Vendredi 16 janvier 2009

Kaori va mieux. En tout cas on arrive à rire ensemble sans qu’elle essaie de m’arracher un rein à coups de dents ou sans fondre en larmes. Elle va mieux mais elle part. Pour un mariage avec un autre, ce qui lui conviendra certainement mieux.

Il y a quelquechose souvent pourri au Japon. Ce sont les relations entre étrangers et japonais.

On va commencer par ce qui vous intéresse le plus: ce qu’on raconte de Roppongi et des japonaises assez faciles d’approche. C’est vrai. Il y a une demande: les étrangers sont bien plus directs et rapides, elles ont le choix et ne se cassent pas la tête avec des états d’âme. Même moi qui suis une vraie tanche, ce n’est pas ‘difficile’ de finir une soirée avec 3 numéros de téléphone.

A 22 ans, elles collectionnent simplement les nationalités, mais autour de 30 c’est une autre histoire. Nous sommes bien plus indépendants, en général dans la moyenne riche, avec la perspective de perfectionner un langage et de voyager. Je connais au moins une dizaine de filles m’ayant avoué qu’elles sont incapables de retourner avec un japonais. Sauf que les étrangers, ils partent. Sauf que les étrangers, ils sont un peu trop indépendants, voire même ils ne comprennent pas.

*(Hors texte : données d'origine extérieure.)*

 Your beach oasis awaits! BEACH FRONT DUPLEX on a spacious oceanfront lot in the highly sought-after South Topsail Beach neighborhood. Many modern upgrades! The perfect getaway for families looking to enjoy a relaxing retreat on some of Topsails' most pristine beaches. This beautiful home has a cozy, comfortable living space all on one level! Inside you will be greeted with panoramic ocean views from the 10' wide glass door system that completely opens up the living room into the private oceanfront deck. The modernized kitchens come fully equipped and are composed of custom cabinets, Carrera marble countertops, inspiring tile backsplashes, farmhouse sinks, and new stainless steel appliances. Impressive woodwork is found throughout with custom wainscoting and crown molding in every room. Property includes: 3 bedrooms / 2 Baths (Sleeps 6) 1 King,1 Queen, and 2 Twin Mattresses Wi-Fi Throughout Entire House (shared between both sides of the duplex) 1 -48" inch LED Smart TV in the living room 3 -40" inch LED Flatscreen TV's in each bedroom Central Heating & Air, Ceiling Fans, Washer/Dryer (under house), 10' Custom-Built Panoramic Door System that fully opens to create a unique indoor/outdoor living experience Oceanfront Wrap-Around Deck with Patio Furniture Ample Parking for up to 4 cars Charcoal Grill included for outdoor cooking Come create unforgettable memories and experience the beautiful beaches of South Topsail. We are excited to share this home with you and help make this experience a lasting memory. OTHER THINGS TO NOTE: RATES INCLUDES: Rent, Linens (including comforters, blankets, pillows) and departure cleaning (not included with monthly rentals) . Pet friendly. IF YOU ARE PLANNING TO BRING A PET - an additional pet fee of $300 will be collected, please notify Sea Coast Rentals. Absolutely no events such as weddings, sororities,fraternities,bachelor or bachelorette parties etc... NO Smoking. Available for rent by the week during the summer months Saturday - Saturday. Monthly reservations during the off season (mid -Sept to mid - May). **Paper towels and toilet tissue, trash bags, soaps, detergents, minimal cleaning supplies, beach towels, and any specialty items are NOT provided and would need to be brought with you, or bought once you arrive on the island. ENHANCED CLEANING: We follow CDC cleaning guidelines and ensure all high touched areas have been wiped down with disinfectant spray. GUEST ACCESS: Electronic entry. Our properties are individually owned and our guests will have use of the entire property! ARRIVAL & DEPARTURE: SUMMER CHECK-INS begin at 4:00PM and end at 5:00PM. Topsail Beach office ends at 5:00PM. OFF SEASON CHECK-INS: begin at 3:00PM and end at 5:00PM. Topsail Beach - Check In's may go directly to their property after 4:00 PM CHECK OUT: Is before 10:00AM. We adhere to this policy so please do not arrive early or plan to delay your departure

Cela fait des filles un peu brisées. Entre celles qui espérent un mariage, celles qui rêvent de partir et celles qui partent vraiment.

Lu

Mercredi 26 novembre 2008

Chaque nouvelle rencontre avec Lu apportait de nouvelles précisions sur elle. Un peu comme si, bien que n’étant pas timide, elle hésitait à en dire trop.

‘Moi, oh, je suis danseuse’. ‘En fait, je suis pole-dancer’.
‘Oui, en fait, je suis pole-dancer, mais j’ai aussi une école de danse, à Tokyo’. ‘Oh, pas grand chose, 600 étudiants. Hein ? Oui, c’est la plus grande école de Tokyo’.
‘Oui oui, en fait j’ai commencé à monter un studio à New-york, puis après je suis revenue’.
‘Ah au, fait, je te l’avais pas dit, mais j’étais mannequin, aussi, à New-york’.

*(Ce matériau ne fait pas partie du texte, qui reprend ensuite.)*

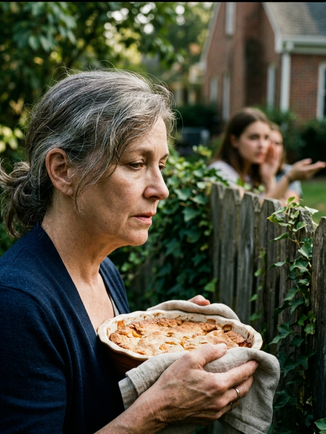 She stood there for one second too long, behind the wooden gate, a warm glass dish pressed into her palms.

Et c’est comme ça qu’il m’a fallu du temps afin de pleinement réaliser que la Lu qui avait peur de monter trop haut en escalade, qui pestait parcequ’elle n’y arrivait pas, était aussi et surtout Masako Lu Nagata, considérée comme la plus grande pole-danseuse de Tokyo.

(Photos rigoureusement pas de moi, il se peut même qu’elle me mette un pain si elle l’apprend. On verra bien.)

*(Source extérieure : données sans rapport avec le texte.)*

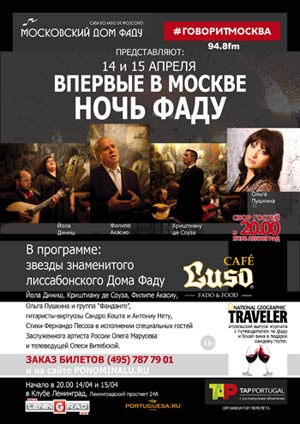 Duas noites de fado tiveram lugar em Moscovo, na sala de concertos do clube Leningrad, com o elenco do Café Luso e a fadista russa Olga Pushkina, acompanhada pela Orquestra Fandango. O elenco do Café Luso, de Lisboa, foi levado pela voz de Yola Nunes, acompanhada à guitarra por Cristiano de Sousa e Filipe Acácio, partindo assim à conquista do público de Moscovo, num evento com ambiente e sabores exclusivamente lisboetas, com vinho e petiscos, confecionados segundo os preceitos do chefe do Café Luso, Alexis Gregório. A poesia de Fernando Pessoa esteve também em destaque, sob a forma de ‘fado falado’, pela voz do artista emérito da Rússia, Oleg Marussev, e pela apresentadora de televisão, Olesya Vitebskaya. Apoios: Camões, I.P. e Embaixada de Portugal em Moscovo |

"Je crois que je ne vais pas y arriver"

Vendredi 24 octobre 2008

J’avais réussi à emmener La Teigne en vacances, pas trop loin car nous avions peu de temps, suffisamment pour oublier tout le reste. Les premiers jours s’étaient bien passés, entre farniente et dépaysements, car nous étions encore dans la capitale. Mais aussitôt partis sur les routes défoncées, dans un véhicule à l’inconfort complet, il risquait d’en être autrement.
C’est arrivé à la halte du repas du soir, devant le riz mal cuit accompagné d’indéfinissables morceaux de viande trop gras. Elle tira une de ses boucles, l’enroulant autour de ses doigts.

Et me dit d’une petite voix désolée « Je crois que je ne vais pas y arriver. »

L’ancien

Lundi 20 octobre 2008

L’ancien, je l’appelle comme ça, mais en fait il est plus jeune que moi, hein. Mais quand il nous montrait un truc inédit, une bonne trouvaille qui forçait notre admiration, il avait cette habitude de dire ‘T’as vu, c’t'ancien ?’. Histoire de nous rappeler que ce n’était pas parcequ’il était plus jeune qu’il devait être moins expérimenté en noeuds de corde ou en galères verticales.

Un gars qui avait tout plaqué après avoir raté son bac pour la première fois, mais qui s’était toujours débrouillé pour vivre de petits boulots le temps de passer son BE escalade et de gagner sa vie en emmenant les gens faire du canyon. Quand il avait un peu de sous, on le voyait arriver à Marseille et il vivait pendant quelques mois dans son camion, pour grimper. Maintenant, il a une maison en haut des falaises du Verdon, et il gagne sa vie mieux que moi.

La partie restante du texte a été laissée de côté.